__What to do__
Only a slice of the listing below is wanted. Retype the lines from the one containing "Fig. 3. Seminario web WebHuddle." through the one containing "Estos recursos combinan", exactly, both ends included.

__Data extracts__
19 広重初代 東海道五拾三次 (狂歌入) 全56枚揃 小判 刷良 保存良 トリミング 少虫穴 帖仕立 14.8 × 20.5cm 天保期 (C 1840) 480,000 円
--
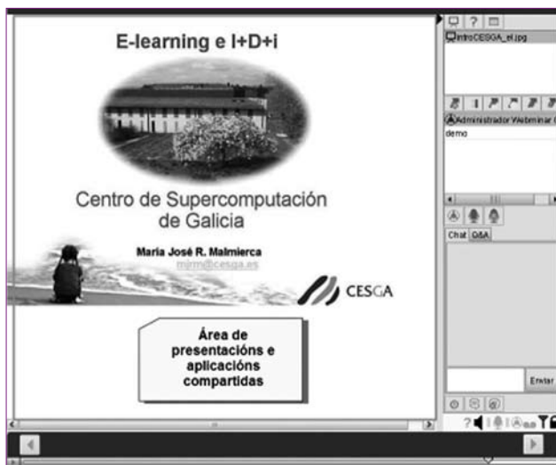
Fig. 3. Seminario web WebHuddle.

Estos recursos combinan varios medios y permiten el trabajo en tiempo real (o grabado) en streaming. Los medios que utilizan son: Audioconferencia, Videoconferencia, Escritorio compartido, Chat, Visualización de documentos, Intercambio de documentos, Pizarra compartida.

__Output__
Fig. 3. Seminario web WebHuddle.

Estos recursos combinan varios medios y permiten el trabajo en tiempo real (o grabado) en streaming. Los medios que utilizan son: Audioconferencia, Videoconferencia, Escritorio compartido, Chat, Visualización de documentos, Intercambio de documentos, Pizarra compartida.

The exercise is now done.